The designated item represents a capability that increases the probability of a successful outcome of trauma care. It also adds cost. Such items are not likely to be cost-effective for all facilities of a given level in environments with the poorest access to resources. Hence, they are not listed as essential. However, for countries with greater resource availability, such items may ultimately be designated essential in their own national plans. Likewise, there are some services for which only low-cost physical resources would be required and for which training of health care personnel at the level in question would be feasible. However, in order for this training to be considered essential, mechanisms would need to be in place to ensure that it is provided for all health care workers at the level in question, within the time constraints of all else for which they must be trained.

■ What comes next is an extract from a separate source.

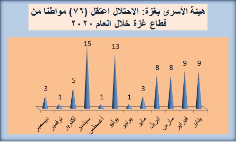 غزة-2-1-2021- رصدت هيئة شؤون الأسرى والمحررين في المحافظات الجنوبية، اعتقال سلطات الاحتلال الاسرائيلي (76) فلسطينيا من قطاع غزة خلال عام 2020، بينهم سيدة عجوز. وأن تلك الاعتقالات جرت على مدار الشهور كافة وأعلاها كانت في شهر سبتمبر الماضي الذي سُجل خلاله (15) حالة اعتقال، كما يوضح الرسم البياني المرفق.

In cases where it did not seem reasonable to assure such training nationwide, such services have been designated as desirable. Individual countries may wish to upgrade these to essential, either at all such facilities or at a subset of those with high trauma volume.

"Possibly required" (PR) resources

In environments with poorer access to resources, some trauma treatment capabilities might need to be shifted to lower levels of the health care system in order to increase their availability. Such services usually represent only minimal increased cost, relative to the provision of such services only at higher levels of the health care system. Shifting to a lower level in the health care system would usually imply that a provider with less advanced trauma-related training and skills would be performing procedures that might otherwise be performed by more highly trained personnel. Hence, it is to be emphasized that the "PR" designation is different from the "desirable" designation. PR represents a potential necessity to increase availability of trauma care services in environments with poorer access to resources. It is anticipated that the PR designation will apply primarily to low-income countries, but not to middle-income.

"Irrelevant" (I) resources

This implies that one would not ordinarily expect this capability at the given level of the health care system, even with full availability of resources.